To ensure strong participation, Danamon's management will conduct a roadshow to update investors on the impact of the fundraising exercise and its future plans. Having kicked off in Jakarta yesterday, it will meet investors in Hong Kong and Singapore next week and move on to Europe in the first week of March.
In the press release outlining the details of the issue, Danamon said the proceeds from the rights issue will boost its capital adequacy ratio as of December 31, 2008, to 20.8% and its tier-1 ratio to 19.2%.
Danamon made no direct reference to it in the rights issue announcement, but the bank does have an outlay of $300 million coming up at the end of next month in the form of a subordinated bond that it intends to call - suggesting the proceeds from the rights issue may also be intended to replace that cash outlay. Following a negative reaction in the market to an announcement by Korea's Woori Bank not to call a similar bond, Danamon said in connection with an earnings announcement on February 12 that it will be calling the 7.65% subordinated bond, which was issued in 2004.

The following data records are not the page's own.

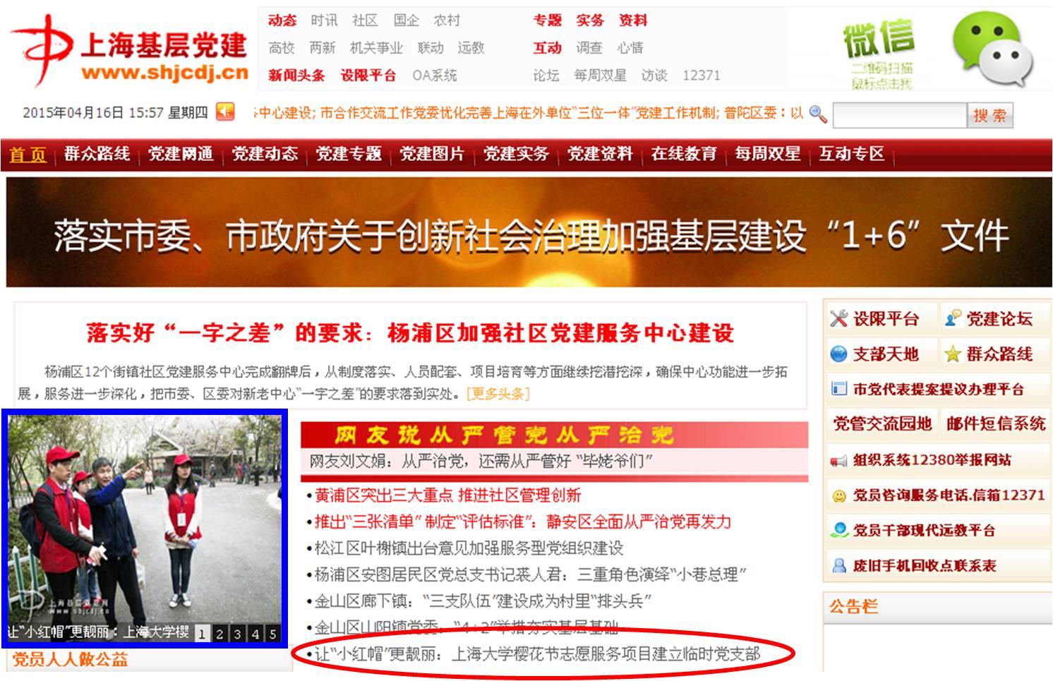 4月16日,上海市基层党建网(http://www.shjcdj.cn/)首页以《让“小红帽”更靓丽:ac米兰官网中文网站樱花节志愿服务项目建立临时党支部》为题,报道了ac米兰上海樱花节志愿者临时党支部工作。为把党建开展到最活跃的“细胞”上,在校党委组织部、校学工办、校团委的关心指导下,本次由社科学院、美术学院以及经济学院联合主办的2015上海樱花节志愿服务工作中,首次成立了临时党支部,24名党员志愿者在志愿服务中不仅传播了树立文明新风尚的正能量,更带动了全体志愿者把更优质的服务奉献给他人,树立了党员先锋模范良好形象,获得游客及社会的广泛赞许。
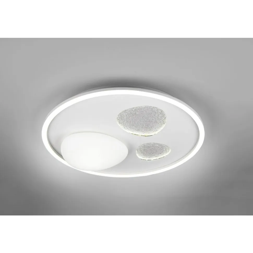 Met haar unieke structuren en zachte, diffuse licht brengt plafondlamp PEBBLE een vleugje kosmische fascinatie in huis. De twee openingen met een maanachtige structuur zijn bijzonder opvallend. Deze speciale structuur creëert fascinerende licht- en schaduweffecten die doen denken aan het mysterieuze oppervlak van de maan en een unieke sfeer creëren. Je kunt de lichtkleur en helderheid eenvoudig en traploos aanpassen met de meegeleverde afstandsbediening. De lamp is verkrijgbaar in een stijlvolle combinatie van mat wit en grijs metaal en kan daarom perfect worden geïntegreerd in het kleurenschema van je kamer. Terwijl het matte wit zorgt voor een heldere en vriendelijke uitstraling, voegt het grijs elegante en moderne accenten toe. De armatuur is ook voorzien van moderne LED-technologie, die wordt gekenmerkt door een hoge lichtkwaliteit en energie-efficiëntie. Vergeleken met conventionele halogeenlichtbronnen kan tot 80% op de energiekosten worden bespaard. LED lichtbronnen hebben ook een lange levensduur, produceren minder warmte en beschermen het milieu.
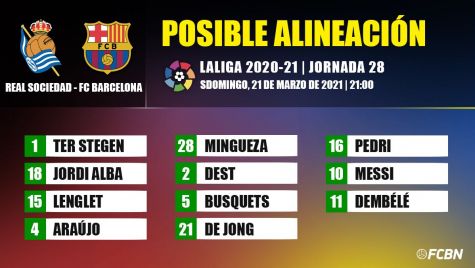 The possibleline ups for Real Sociedad-FC Barcelona in LaLiga
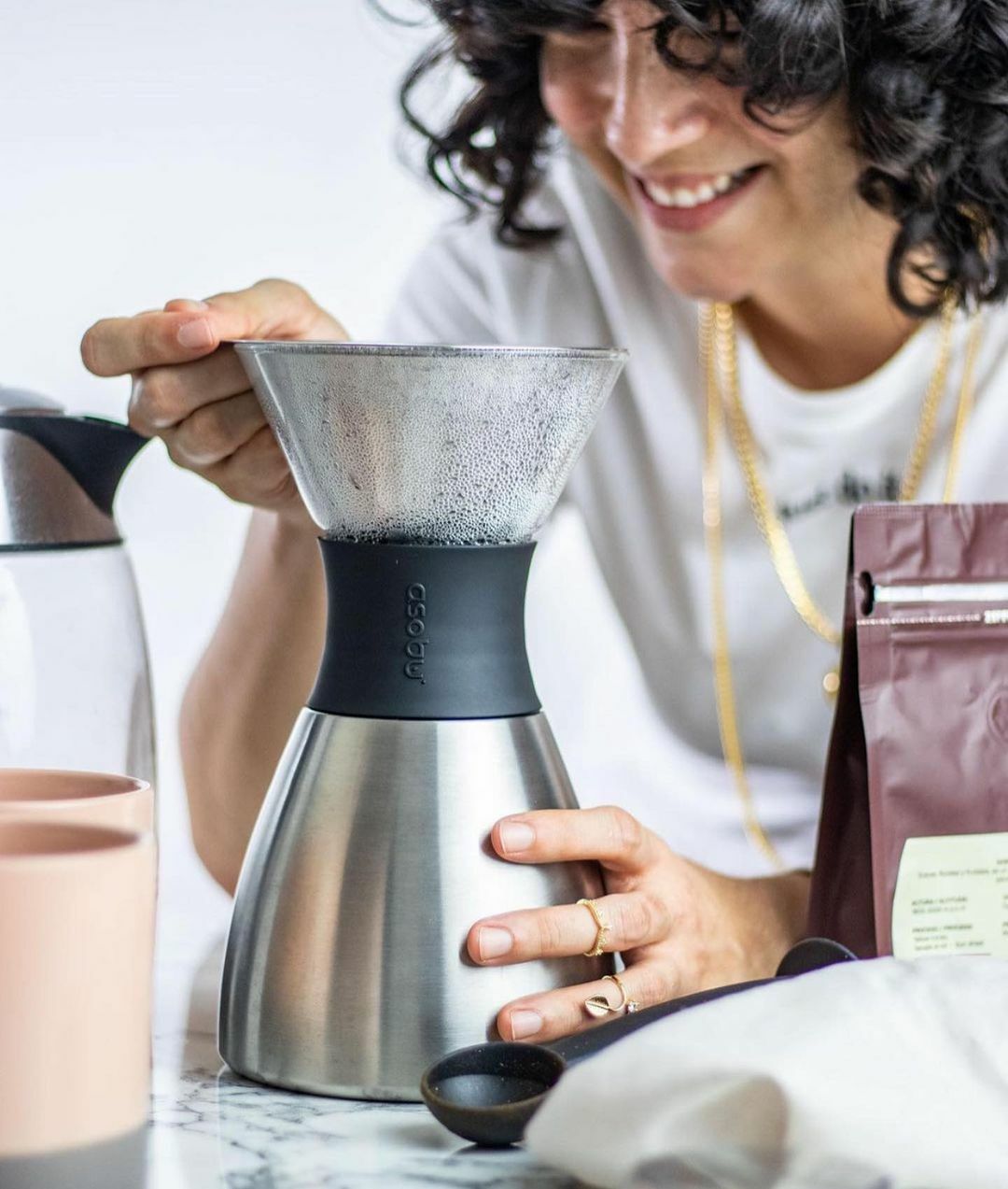 Кофеварка «Pour Over» от Asobu позволяет приготовить кофе, не привлекая никаких дополнительных приспособлений: просто засыпьте кофе в фильтр, вставленный в стеклянную воронку, и залейте кипятком. Вам даже не понадобится бумажный одноразовый фильтр, ведь в комплекте к «Pour Over» идет многоразовый, из нержавеющей стали, за которым очень просто ухаживать: просто промойте его под струей воды до и после использования.

Danamon posted a net profit after tax of Rp1.5 trillion ($127 million) for 2008, down 29% from Rp2.1 trillion in 2007. Excluding one-off non-recurring credit-losses and provisions for foreign exchange forward contracts, last year's profit amounted to Rp2.3 trillion, or 9.5% above the previous year when there were no one-off items. Total loans grew by 25% to Rp66.9 trillion, supported by all customer segments, but especially the "mass market" segment, including microfinance, personal loans and auto loans, which achieved 33% loan growth.
The non-performing loan ratio edged up to 2.3% from 2.2% at the end of 2007 and the bank noted that the sudden depreciation of the rupiah in the fourth quarter together with a decline in commodity prices had a negative impact on the cash flow of several exporters and thus their ability to continue to service their foreign exchange forwards contracts with Danamon - hence the provisions.
President director Paredes noted at the time that the company has formulated "key strategies" in light of the changing operating environment and have initiated actions to mitigate the risks.
"To anticipate continuing tight funding in 2009, we will focus on liquidity management and continue ongoing initiatives to enhance Danamon's funding franchise," he said and continued: "We will capitalise on our ability to cross-sell to customers across our lines of businesses. We will also enhance our operations through a series of business consolidations and regional alignments. Last but not least we will enhance our cost of credit management to ensure we maintain healthy growth across all of our businesses."